If you'd rather not use the REG files just described (or if you want to experiment a bit before you change your system settings or to customize the settings to export into REG files), choose the Folder Options command from the View menu or the Tools menu in a folder window. On the File Types property page, select an entry, such as VBScript Encoded Script File or VBScript Script File, and view the settings by clicking the Edit button (or the Advanced button in Windows 2000). The Edit File Type dialog box will show all the defined verbs for the file type. You can change the settings for the Open and Open2 commands manually and add the old settings for Open and Open2 as Execute and ExecuteDOS. (Chapter 2 discusses how to add an Edit command for a script file.
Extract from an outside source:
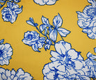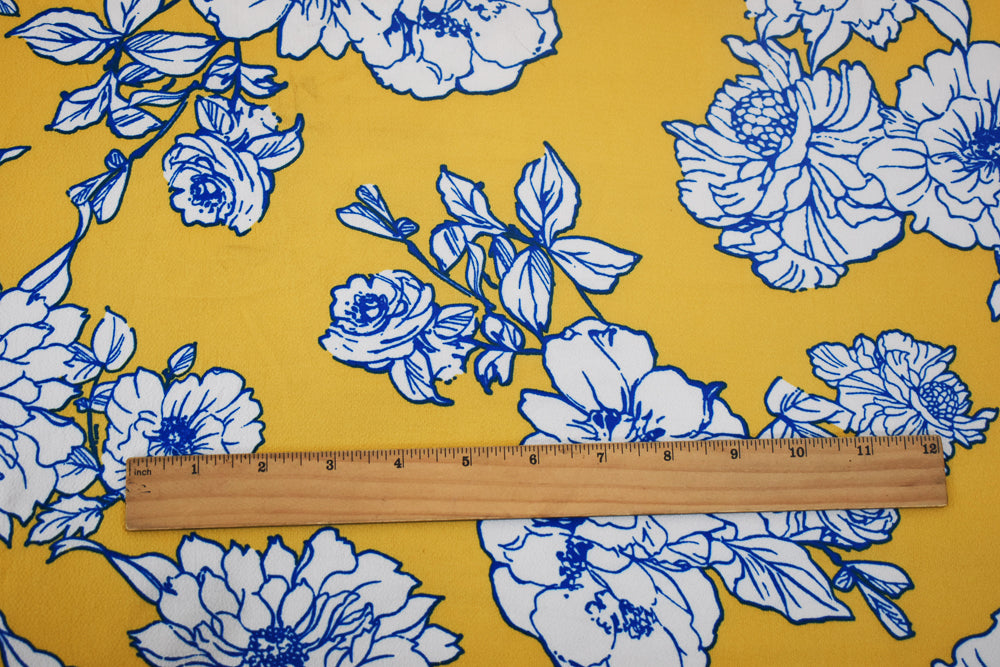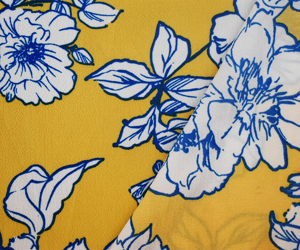 Yellow-White Floral Printed Stretch Poly Spandex Ghost Crepe Woven Fabric

Repeat the steps described there for other types of script files.)
After changing the settings for script file-type associations, you can fire up the Windows Registry editor Regedit.exe, search for a key (such as HKEY_CLASSES_ROOT/JSFile), and export the key into a REG file by using the Export Registry File command in the Registry menu. Repeat this step for the other file types (such as VBSFile, VBEFile, JSEFile, and WSFFile). Then use Notepad to remove unused entries (according to the example shown earlier) and merge the final result of all REG files into one REG file. You can use that final file on other machines to import the Registry settings.
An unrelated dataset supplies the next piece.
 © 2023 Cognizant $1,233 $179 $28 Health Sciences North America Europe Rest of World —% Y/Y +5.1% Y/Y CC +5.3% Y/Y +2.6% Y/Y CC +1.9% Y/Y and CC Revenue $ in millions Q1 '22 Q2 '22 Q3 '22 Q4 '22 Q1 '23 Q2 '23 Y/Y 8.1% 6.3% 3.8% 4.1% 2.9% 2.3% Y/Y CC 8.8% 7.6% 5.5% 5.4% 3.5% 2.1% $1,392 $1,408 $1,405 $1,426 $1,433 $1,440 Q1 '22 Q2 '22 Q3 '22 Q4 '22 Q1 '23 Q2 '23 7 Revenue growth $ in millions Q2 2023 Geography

Some computer magazines and Web sites advocate removing WSH as a way to protect your system against infection from WSH script viruses. Although this technique is still possible in Windows 95, Windows 98, and Windows NT 4, such an extreme precaution isn't necessary. Furthermore, because WSH is an integral part of the operating system in Windows 2000 and Windows Millennium Edition (Me), stripping out WSH just isn't feasible. Neither do I recommend deleting files such as WScript.exe and CScript.exe in these environments—these are essential system files. Windows 2000 tries to repair the operating system if system files are corrupted or missing (as Windows Me does). Therefore, I recommend that you use one of the strategies described in this appendix.